The recent landscape of RSV vaccine research
- PMID: 39802673
- PMCID: PMC11724408
- DOI: 10.1177/25151355241310601
The recent landscape of RSV vaccine research
Abstract
Respiratory syncytial virus (RSV) causes a significant burden of acute respiratory illness across all ages, particularly for infants and older adults. Infants, especially those born prematurely or with underlying health conditions, face a high risk of severe RSV-related lower respiratory tract infections (LRTIs). Globally, RSV contributes to millions of LRTI cases annually, with a disproportionate burden in low- and middle-income countries (LMICs). The RSV virion outer capsule contains glycoproteins G and F which are essential for viral entry into respiratory epithelial cells and represent key targets for therapeutics development. The F-glycoprotein has several highly conserved antigenic sites that have proven useful targets for the development of monoclonal antibodies (mAbs) against RSV. Historically, prevention in infants was limited to the mAb palivizumab, which, despite its efficacy, was costly and inaccessible in many regions. Recent advancements include nirsevimab, a long-acting mAb that has shown substantial efficacy in reducing medically attended RSV-related disease in infants, in phase III clinical trials, early regional and national real-world data. In addition, three new vaccines have been approved: two protein subunit vaccines and a messenger RNA vaccine. The vaccines are all licenced for use in older adults, with one also approved as a maternal vaccine. Promising candidates in development include the mAb clesrovimab, which has an extended half-life and high levels in the nasal epithelial lining and high safety and efficacy profiles in late-stage trials. There are also a wide range of vaccine candidates currently in late-stage clinical trials. These developments signify a major advancement in RSV prevention strategies, offering improved protection for high-risk populations. With the ongoing rollout of the recently licenced vaccines and mAbs internationally, the landscape of RSV care is rapidly changing. We also must ensure these advances reach those in LMICs who need these therapies most.

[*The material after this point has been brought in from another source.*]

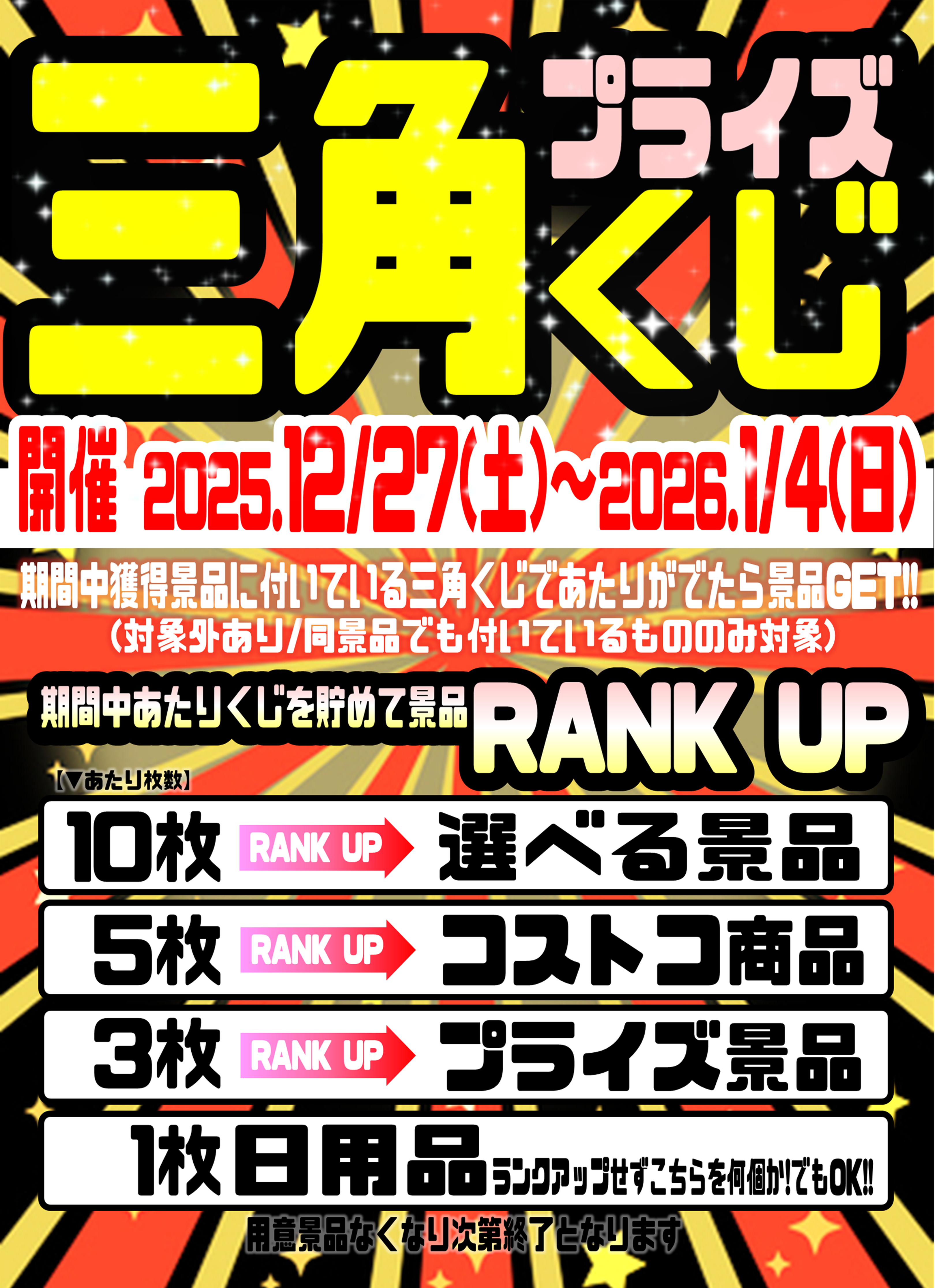 《12/27~1/4》【プライズ三角くじ】 2025年12月20日 【プライズ三角くじ】 2025.12/27(土)~2026.1/4(日)までの期間中 獲得プライズ景品のくじから「当たり」が出たらプラスで景品ゲット! 天童店は「当たり」を集めて景品のランクアップも可能!! 当たり目指して景品ゲットだぁ~✨ ************************ こちら↓もぜひチェックしてみてくださいね♪(*´▽`*) ・最新のイベント情報はこちら ・最新の買取情報はこちら

Keywords: infants; monoclonal antibodies; older adults; vaccines.
Plain language summary
What’s new in preventing RSV? A common cause of serious chest infections in infants and the elderly. RSV (respiratory syncytial virus) is a virus that causes colds and chest infections. Babies and older adults, whose immune systems are more vulnerable, are much more likely to become severely unwell with RSV and need treatment in hospital. RSV causes millions of people to have serious chest infections worldwide each year. Death is common in lower income countries while in high income countries RSV contributes disproportionately to healthcare expenditure for children and older adults. Recent studies have shown that RSV is a bigger cause of severe illness and death in older adults than previously recognised. RSV has a surface protein, the F protein, that helps it infect cells. Viral proteins usually change frequently, but parts of the F protein are highly conserved (unchanging), making it a key target for new treatments. Monoclonal antibodies (mAbs) are customised medicines working similarly to natural antibodies in our bodies. RSV mAbs attach to the F protein, stopping RSV from entering human cells. Vaccines stimulate the body to produce similar antibodies. For many years, the only option to prevent RSV in infants was monthly injections of the mAb, palivizumab. Although effective, it was too expensive for widespread use. Recently, a new mAb, nirsevimab, showed great promise in protecting infants from RSV and is longer acting, highly effective, has no significant side effects and has high uptake, as shown in clinical trials and early real-world reports. There are also three newly approved vaccines: Abrysvo, Arexvy and mRESVIA. The vaccines were effective in clinical trials at preventing severe chest infections caused by RSV in older adults and were generally well tolerated. A small number of cases of Guillain Barre syndrome (GBS) (a nerve problem) have been reported following RSV vaccination in older adults, however a definitive link has not been established and safety surveillance is ongoing. Innovative upcoming treatments include a promising new monoclonal antibody, and multiple vaccines employing varied technologies. These developments mark a significant step forward in preventing severe RSV infections, offering better protection for those most at risk.
© The Author(s), 2025.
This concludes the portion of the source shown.